Baltimore Ravens tight end Ben Watson believes President Trump made the NFL’s anthem situation worse when he blasted protesting players at a political rally last September in Alabama.
In a fiery speech, President Trump said, “Wouldn’t you love to see one of these NFL owners, when somebody disrespects our flag, to say, ‘Get that son of a b**ch off the field right now. Out. He’s fired. He’s fired!”
Watson was with his Baltimore Ravens teammates in London on September 24, 2017, preparing to play the Jacksonville Jaguars, when they became aware of Trump’s comments.
“As we were several hours ahead of home it was late in the evening before we heard the news about the president’s comments,” Watson wrote on his Facebook page on May 27. “Though in hindsight I should not have been, at that moment I was shocked. I could not believe the President of the United States, a man collectively elected by the American people, would utter those insulting words about a private citizen, especially one that had not only broken no laws but was peacefully exercising his First Amendment rights within them.”
Some constitutional scholars will argue that kneeling during the anthem, while at work, isn’t a First Amendment right.

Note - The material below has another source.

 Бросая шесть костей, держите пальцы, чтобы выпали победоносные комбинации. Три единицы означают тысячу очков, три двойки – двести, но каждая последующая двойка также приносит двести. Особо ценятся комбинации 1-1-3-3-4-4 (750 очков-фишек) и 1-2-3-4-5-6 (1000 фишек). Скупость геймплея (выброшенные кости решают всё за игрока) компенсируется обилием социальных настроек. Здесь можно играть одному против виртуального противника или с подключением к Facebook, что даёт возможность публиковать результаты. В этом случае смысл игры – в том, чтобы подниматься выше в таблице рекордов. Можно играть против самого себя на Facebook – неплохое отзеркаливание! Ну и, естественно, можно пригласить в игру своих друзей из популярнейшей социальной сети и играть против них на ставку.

“The First Amendment doesn’t apply to private institutions,” Erwin Chemerinsky, Dean of Cal-Berkeley Law School told the Washington Post. “Private employers can fire employees for their speech without having to worry about the First Amendment.”

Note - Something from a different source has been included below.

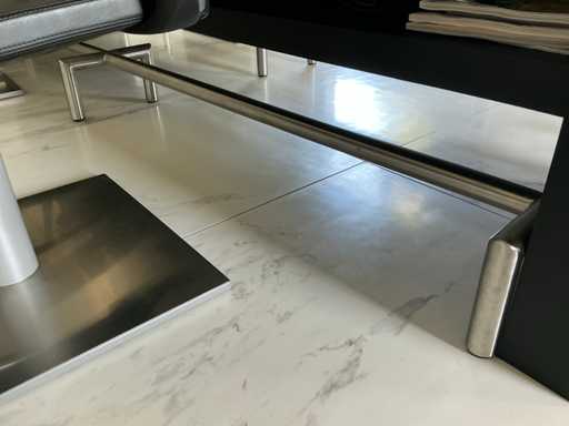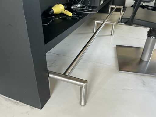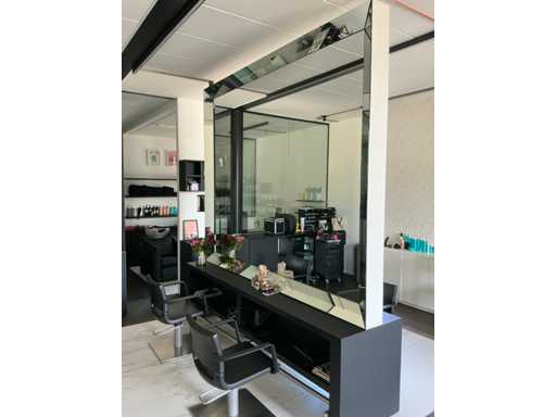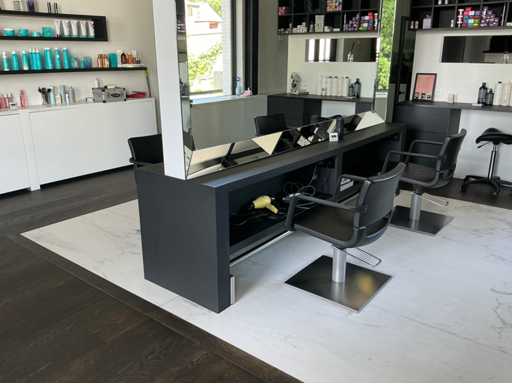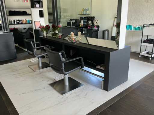 Mur de miroir sur table de travail avec des dommages mineurs au miroir en bas à gauche, 2X repose-pieds en acier inoxydable et 4 chaises de salon de coiffure de la marque Greiner. A démonter soigneusement par l’acheteur sans abîmer l’intérieur ! Contenu / produits non inclus !

Before Trump’s speech in Alabama where he made the “son of a b**ch” comment, Watson felt the anthem protests, which started in the summer of 2016 as a statement against police brutality, were dying down.
“Before [the speech], for all the ire they drew, participation in protests by NFL players during the playing of the national anthem was not wide spread,” Watson wrote. “But as we sat in meetings and chapel early Sunday morning the President’s words left none unaffected. Indeed, the words of the commander in chief have that type power. Anger, fear, disappointment and sadness were evidenced by the tears and quivering voices of grown men grappling with the implications of these words for themselves and their families and the realization of an America that seemed at least in that moment to be so adamantly against all of us.”

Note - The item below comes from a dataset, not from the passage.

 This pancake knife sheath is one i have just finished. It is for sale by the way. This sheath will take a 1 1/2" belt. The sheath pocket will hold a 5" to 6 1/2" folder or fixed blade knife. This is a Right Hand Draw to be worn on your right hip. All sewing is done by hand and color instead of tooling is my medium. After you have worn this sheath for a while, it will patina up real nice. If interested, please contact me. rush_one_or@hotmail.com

Several Ravens knelt during the anthem in London, and team President Dick Cass felt this contributed to empty seats at Baltimore home games that followed.
Watson, a 14-year NFL veteran, who has written several books, feels after Trump’s remarks, “a new wave of protests had begun.”
Watson is disappointed in Trump’s handling of the anthem issue.
“Instead of using his power and position to be a reconciliatory uniting force to mend what has for so long been broken the President has intentionally used his pulpit to drive the wedge further,” Watson wrote, “Following every tweet and statement we have been compelled to choose a side, in what should not even be a debate, simply because of the party we vote for, the shade of our skin or the neighborhood in which we were raised. Each time we blindly, even subconsciously choose a side our ears become increasingly deaf, our hearts hardened and our eyes more blind to the humanity of the other side, scorning the path to empathy and settling for hostility and indifference.”
Watson feels that the NFL’s recent decision to force players to stand on the sideline during the anthem, or stay in the locker room until it’s over, was a “capitulation” to Trump.
“It has been the unfettered venomous attacks from the most powerful office in our republic that has widened the divide, stifled attempts at understanding and in a twist of irony led to the recent capitulation of several NFL owners to move from tepid support to creating a new policy forcing players and personnel present on the sidelines in pregame to stand,” wrote Watson.
Watson, a devout Christian, believes that despite the rampant criticism of the NFL protest movement, players will continue to fight for what they believe is right.
“The fallout will continue but of one thing I am sure,” Watson concluded on his Facebook post. “I’ve been an NFL player long enough to know that nothing will distract, inhibit or discourage those who desire to be engaged, active and focused on the betterment of their country from continuing to do so. Players caring about their communities is not a two-year old phenomenon.”